*Dataset content:*
--------

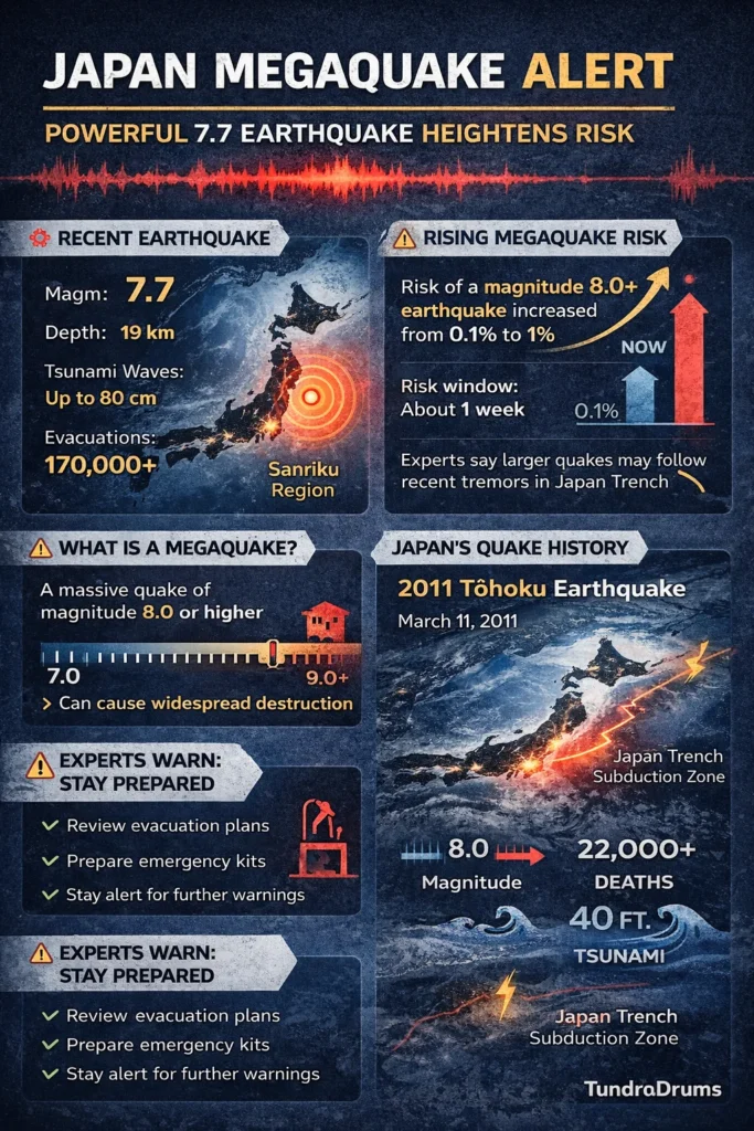 Japanese authorities have warned of a slightly increased risk of a major “megaquake” following a powerful 7.7 magnitude earthquake that struck off the country’s northern coast on Monday.
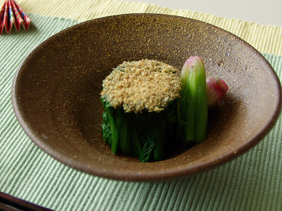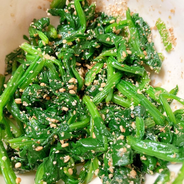 菜の花とほうれん草の薬膳胡麻和えお料理レシピユワキヤ醤油・味噌大分。
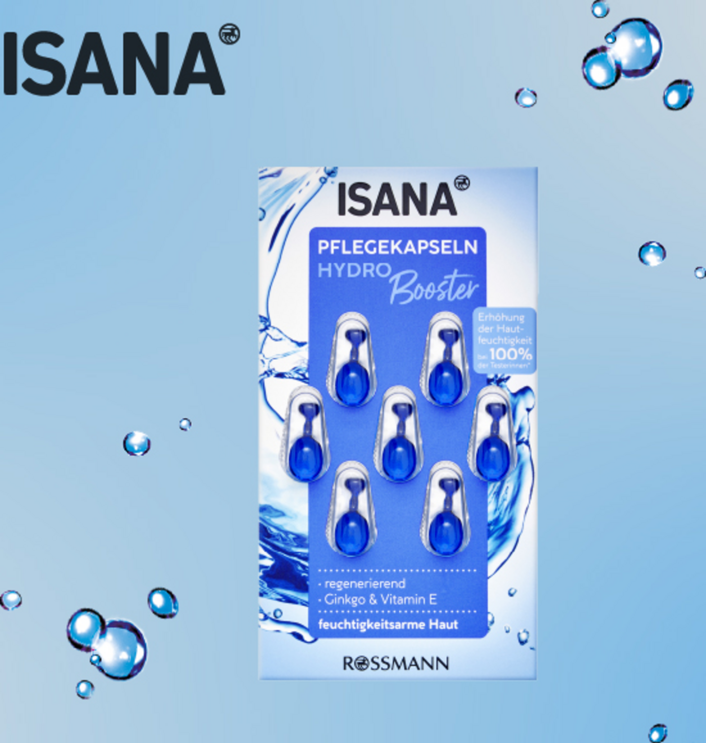 Ergebnis: Die ISANA Hydro Booster Pflegekapseln steigern den Feuchtigkeitsgehalt der Haut bei regelmäßiger Anwendung nachweislich bei 100% der Probandinnen*.

--------

*Required work:*
When you return the listing, keep it exact and omit any pictures it holds.

*Answer to the exercise:*
 Japanese authorities have warned of a slightly increased risk of a major “megaquake” following a powerful 7.7 magnitude earthquake that struck off the country’s northern coast on Monday.
 菜の花とほうれん草の薬膳胡麻和えお料理レシピユワキヤ醤油・味噌大分。
 Ergebnis: Die ISANA Hydro Booster Pflegekapseln steigern den Feuchtigkeitsgehalt der Haut bei regelmäßiger Anwendung nachweislich bei 100% der Probandinnen*.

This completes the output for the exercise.